We have reviewed the following cases which seem to have been relied upon in Foust: State v. Hewett, 270 N.C. 348, 154 S.E.2d 476; State v. Morton, 252 N.C. 482, 114 S.E.2d 115; State v. Robinson, 248 N. C. 282, 103 S.E.2d 376; State v. Butcher, 10 N.C.App. 93, 177 S.E.2d 924; and State v. Caudle, 7 N.C.App. 276, 172 S.E.2d 231 (rev'd on other grounds, 276 N.C. 550, 173 S.E.2d 778). We will not engage in a discussion of the principles applied in each of the cited cases. Suffice it to say, in our opinion, none of the cited cases directly supports the principle here under review, and the opinion in Foust does not specifically cite them as supporting that principle. It appears, therefore, that the principle stated in Foust that, before a suspended sentence or probation judgment can be revoked and the active sentence imposed, there must be a finding of fact, from competent evidence, that defendant had the financial capability to comply, or had failed to make a reasonable effort to make payments required by the terms of suspension or probation, was an inadvertent application in a criminal case of the rule in civil cases applicable to hearing on notice to show cause why a party should not be held in contempt of court for failure to make specified payments ordered by the Court. As we view it, there are sound reasons for *187 a difference in the rules in civil cases and those in criminal cases. These reasons will be hereinafter discussed.

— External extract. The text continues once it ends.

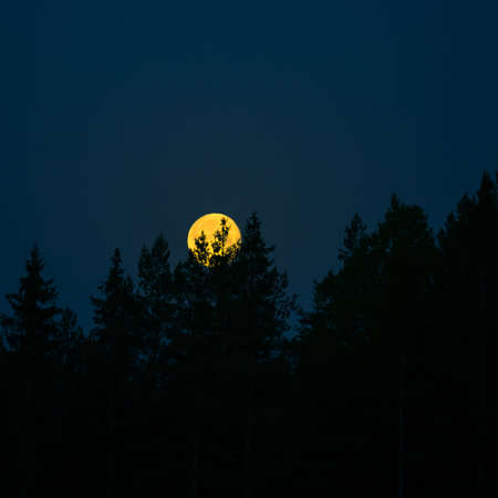 Round shining full moon. Orange moonlight on dark night sky. Moonrise over a forest with spruce tree tops silhouettes at evening dusk. Scenic skyline in twilight. Illuminated natural view in darkness.

Obviously, if the court must answer questions such as required in Foust by findings of fact, there must be competent evidence to support the findings. If there must be such competent evidence, the defendant could cast the burden of producing such evidence upon the State by merely offering no evidence himself. He could not be compelled to testify.

The primary reason for a difference in the rule applicable to criminal cases is the fact that an order suspending a sentence or the entry of a probationary judgment is an act of grace. Defendant is not required to accept a suspended sentence or probationary judgment; but, if he does, he voluntarily assumes the obligations imposed.

On the other hand, an order entered in a civil action requiring one party to make specified payments to or for the benefit of another party is not an act of grace and the obligation is not voluntarily accepted. It is the enforcement of rights of one party against another. Therefore, before the obligated party should be adjudged in contempt of court for failure to make payments as required by the court's order, the movant should be required to make a showing by evidence that the obligated party possessed the means to comply during the period when he was in default, and the court must find as a fact that the obligated party possessed the means to comply during the period when he was in default. See, Cox v. Cox, 10 N.C.App. 476, 179 S.E.2d 194. In such case, the movant can discover the evidence by interrogatories, adverse examination, orders for production of documents, and other means.

"When a person accused of crime has been tried, defended, sentenced, and, if he desires, has exhausted his rights of appeal, the period of contentious litigation is over. Although revocation of probation results in the deprivation of a probationer's liberty, the sentence he may be required to serve is the punishment for the crime of which he had previously been found guilty. The inquiry of the court at such a hearing is not directed to the probationer's guilt or innocence, but to the truth of the accusation of a violation of probation. The crucial question is: Has the probationer abused the privilege of grace extended to him by the court? When a sentence of imprisonment in a criminal case is suspended upon certain valid conditions expressed in a probation judgment, defendant has a right to rely upon such conditions, and as long as he complies therewith the suspension must stand. In such a case, defendant carries the keys to his freedom in his willingness to comply with the court's sentence.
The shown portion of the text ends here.